Bassey would not take his medication or interact with any other inmate except Mohammed Auwal Yusuf, a Sociology graduate and father of five. Yusuf, who was working as a car salesman at a company in Jos, Plateau State, sold a car to Boko Haram suicide bombers after they posed as genuine transport operators. The vehicle exploded in a botched suicide attack same day in Jos and investigators traced the car to his shop.

Army authorities said 95 suspects manifested psychiatric conditions similar to Bassey's when they were brought to the detention centre. But after treatment, the figure is now down to 45.

The programme was rounded off on Friday, February 16, with the release of 475 suspects whom the prosecution had no evidence against. Over 170 suspects were convicted during the five days trial.

In a statement at the start of the exercise on February 11, Othman Salhiu Isah, the spokesman of the Attorney General of the Federation (AGF) and Minister for Justice, Abubakar Malami, said there were1669 suspects detained at the facility.

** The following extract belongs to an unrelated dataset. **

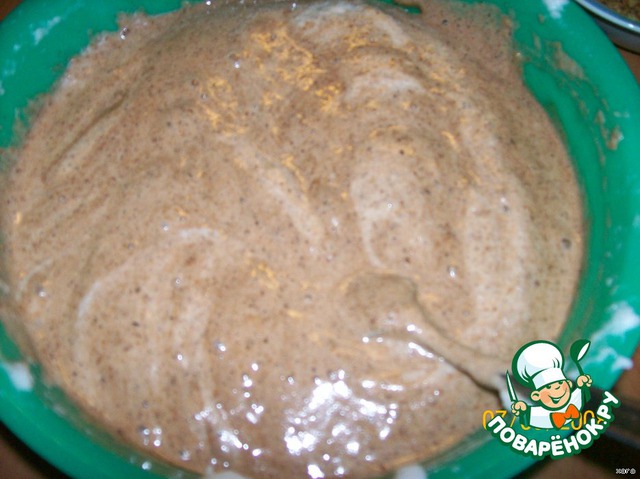 • Тесто вылить в форму и выпекать при температуре 140-150 град. 1 час. Готовность проверить зубочисткой. Дать коржу остыть, вынуть из формы, разрезать на 2 пласта.

In his assessment of the programme, the Director of Legal at the Defence Headquarters, Abuja, Air Vice Marshal Ibrahim Shafi'I, highlighted the milestone achieved by the fast-track prosecutions in terrorism fight, which he said has not happened in any other high profile detention facility in the world.

He stressed that the Nigerian military will continue to respect the human rights of citizens in its bid to secure the country.

But the First Vice President of the Nigerian Bar Association (NBA), Caleb Dajan, faulted the mass arraignments. He said the association will be recommending immediate trial of any person arrested for such offences "rather than wait for many years to try them in one place."

"From my own observation, the trials have been fair," said Abdulrahman Yakubu, the Director of Protection and Investigation of the National Human Rights Commission (NHRC).

"But if you look at other issues of concern, they have to do with the relationship between the suspects and their lawyers.

"There are other areas but I think another issue is providing the suspects with interpreters. The court has been doing so; the defendants have access to interpreters who interpret in the language that they understand. So that is a plus to the process".

To further improve the process in the future, Yakubu also suggested that prosecution lawyers go through the charges very well before bringing them before the court to reduce the many defects observed during the exercise. He suggested that more time be given to the defence lawyers, who are of the Legal Aid Council (LAC) to study the case files very well.

Tunde Ikusagba, the Director Criminal Justice of LAC, who is heading a team of 39 defence lawyers on pro bono representation for the suspects, commended the speed and commitment shown in the handling of the cases by all those involved.